No século XVII surgiu uma nova mentalidade anatomofisiológica, quando houve o crescimento do interesse pelo estudo da fisiologia. O estudo da anatomia também cresceu por toda Europa com a edição de livros e a criação de disciplinas dedicadas ao campo, além da construção dos teatros anatômicos para a formação dos médicos nas suas mais importantes

Universidades. Neste século, muitos médicos passaram a realizar o exame post mortem dos seus pacientes, o que possibilitou novas descobertas no campo da ciência médica (Espert, 2004d).
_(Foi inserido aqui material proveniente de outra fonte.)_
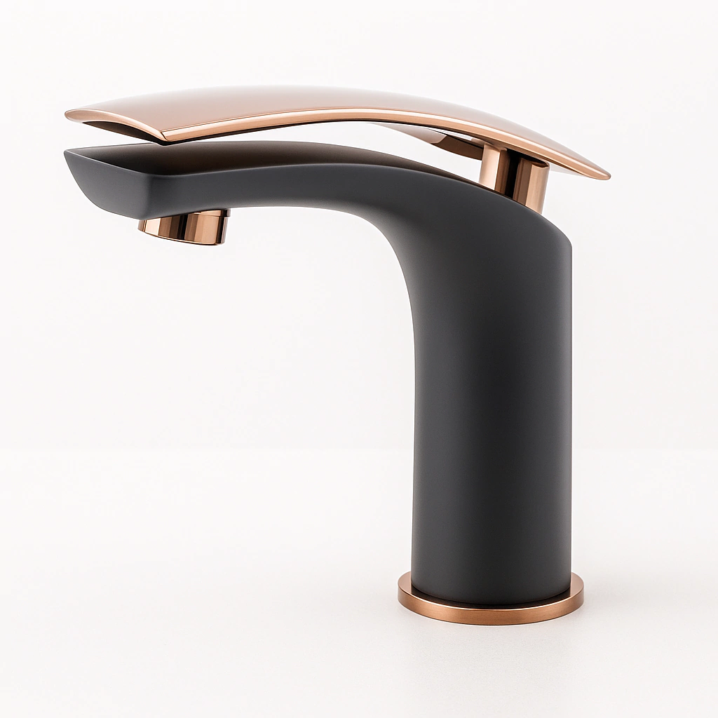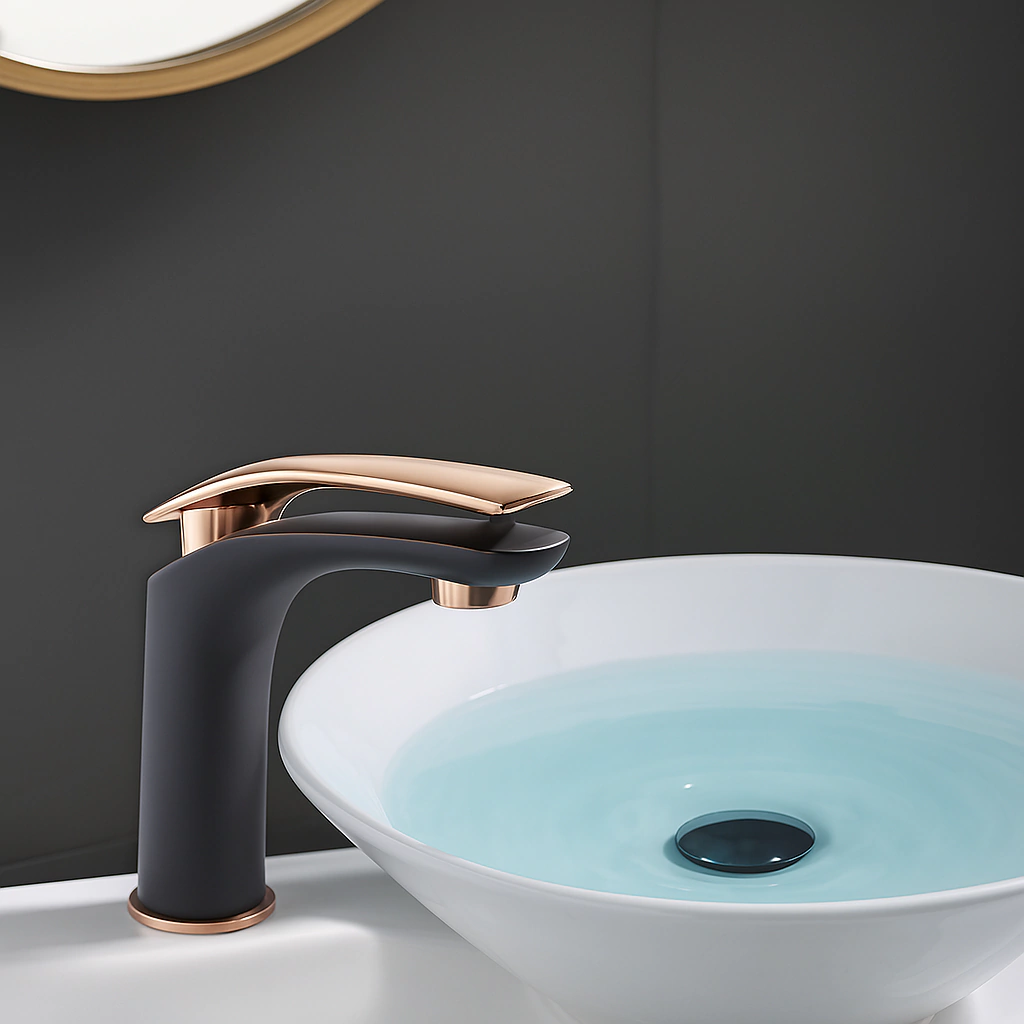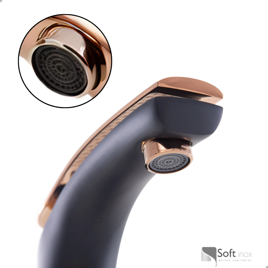 A Torneira Monocomando Baixa para Banheiro (Rose com Preto) é uma torneira metálica perfeita para banheiros e lavabos que buscam requinte e sofisticação. Possui acabamento na cor Rosé com Preto e um misturador monocomando, que pode ser conectado à água quente e fria, para controle de vazão e temperatura. Para quem possui apenas água fria, é possível adaptá-la de maneira simples, com a utilização de T Hidráulico e Niples disponíveis em nossa loja.
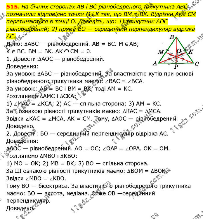 На бічних сторонах AB і BC рівнобедреного трикутника ABC позначили відповідно точки M i K так, що BM = BK. Відрізки AK і CM перетинаються в точці О. Доведіть, що: 1) трикутник AOC рівнобедрений; 2) пряма BO — серединний перпендикуляр відрізка AC. Дано: ∆ABC — рівнобедрений. AB = BC. M ∈ AB; K ∈ BC. BM = BK. AK CM = 0. 1. Довести: ∆АОС — рівнобедрений. Доведення: За умовою ∆ABC — рівнобедрений. За властивістю кутів при основі рівнобедреного трикутника маємо: ∠BAC = ∠BCA. За умовою: AB = BC і BM = BK, тоді AM = KC. Розглянемо ∆AMC і ∆СКА: 1) ∠MAC = ∠KCA; 2) AC — спільна сторона; 3) AM = KC. За І ознакою рівності трикутників маємо: ∆КАС = ∆MCА. Звідси ∠KAC = ∠MCA, AK = CM. Тому, ∆AOC — рівнобедрений. Доведено. 2. Довести: BO — серединний перпендикуляр відрізка AC. Доведення: ∆AOC — рівнобедрений. AO = ОС; ∠OAP = ∠OPA. OK = ОМ. Розглянемо ∆MBO і ∆КВО: 1) MO = OK; 2) MB = BK; 3) BO — спільна сторона. За III ознакою рівності трикутників маємо: ∆BOM = ∆ВОК. Звідси ∠MBO = ∠KBO. Тому BO — бісектриса. За властивістю рівнобедреного трикутника маємо: BO — висота, медіана. Отже OB —серединний перпендикуляр. Доведено.
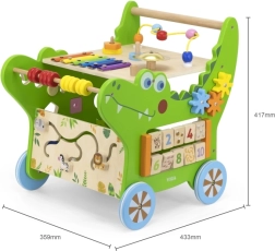 Objevte multifunkční dřevěné chodítko ve tvaru krokodýla od značky VIGA, které nabízí až 12 aktivit pro zábavu i učení. Podporuje první krůčky, rozvíjí jemnou i hrubou motoriku, koordinaci oko–ruka a logické myšlení. Najdete na něm ksylofon, počítadlo, třídicí box tvarů, ozubená kola, labyrint a další prvky, které děti motivují k pohybu i objevování.
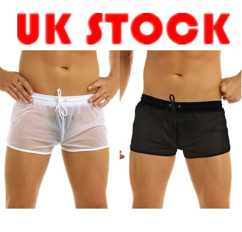 Men's See Through Mesh Boxer Shorts Beach Boardshort Drawstring Swimming Trunks

As contribuições de Vesálio no estudo da anatomia influenciaram a busca de relação entre os sintomas patológicos do cadáver e as enfermidades dos vivos. Giovanni Battista Morgagni (1682-1771), anatomista italiano, defendeu através dos seus estudos que os cadáveres fossem submetidos aos exames post mortem para descobrir a causa da morte e as mudanças físicas encontradas nestes em decorrência de uma enfermidade. Estima-se que Morgagni tenha realizado em torno de setecentas autópsias, fato que contribuiu para a construção de larga experiência neste campo (Espert, 2004d).

A expansão das ideias racionalistas do século XVIII foi marcada pela busca da compreensão da natureza para controlá-la. A ideia de investigação moderna ganhou espaço, visando a busca do conhecimento da verdade através da observação e experimentação em laboratório (Espert, 2004d).

Desde o século XVII, aumentou-se a demanda por cadáveres com finalidade didática, pois houve o crescimento do ensino da anatomia e da quantidade de estudantes de medicina. O aumento pela busca de cadáveres fez crescer a prática ilegal de comercialização destes, chegando a acontecer de pessoas inescrupulosas desenterrarem cadáveres que haviam falecido recentemente para vendê-los às escolas de anatomia. Tal situação foi rechaçada socialmente e contribuiu para que aqueles que trabalham com dissecação de cadáveres humanos naquela época fossem hostilizados (Espert, 2004d).

Grandes acontecimentos surgiram ao longo do século XIX, que transformaram a forma como a sociedade se organizava e o seu modo de pensar. Dentre tais mudanças podemos citar a revolução científica, a primeira guerra mundial, a migração do velho mundo para o novo mundo, o aumento da migração das zonas rurais para as urbanas, a revolução industrial, a

substituição da mão de obra humana pelas máquinas, a mudança de perspectiva da ciência médica que abandona as singularidades humanas ao concentrar esforços para estabelecer patologias e diagnósticos (Espert, 2004d).

Com relação à prática da autópsia, o melhores médicos e cirurgiões do século se distinguiram pelo uso da dissecação humana como método de suas investigações, bem como pela experiência em dissecação e como docente no referido campo. Em suma, a investigação cadavérica manteve seu papel fundamental nas investigações da época e as técnicas da autópsia foram aprimoradas (Espert, 2004d).

Rudolf Ludwig Karl Virchow (1821-1902), médico polonês, contribuiu para o desenvolvimento da anatomia patológica. Ele foi considerado o fundador da patologia celular, além de ter reconhecido a célula como unidade central na constituição do organismo, tendo sido considerado o maior patologista de todos os tempos. Virchow sentiu a necessidade de criar um método ordenado, partindo de técnicas determinadas, para a realização dos exames anatomopatológicos (Espert, 2004d).

2.2.2. Estudo cadavérico na medicina legal

A Medicina Legal pode ser definida como um “(...) conjunto de conhecimentos médicos

e paramédicos destinados a servir ao Direito, cooperando na elaboração, auxiliando a interpretação e colaborando na execução dos dispositivos legais atinentes ao seu campo de ação de Medicina aplicada” (Gomes, 1982, p. 7). É fato que a própria nomenclatura desse campo de

conhecimento explicita a ligação existente entre a medicina e o direito. Esta definição deixa claro também que nesse campo do conhecimento a medicina atua fornecendo meios que subsidiem a ação da justiça.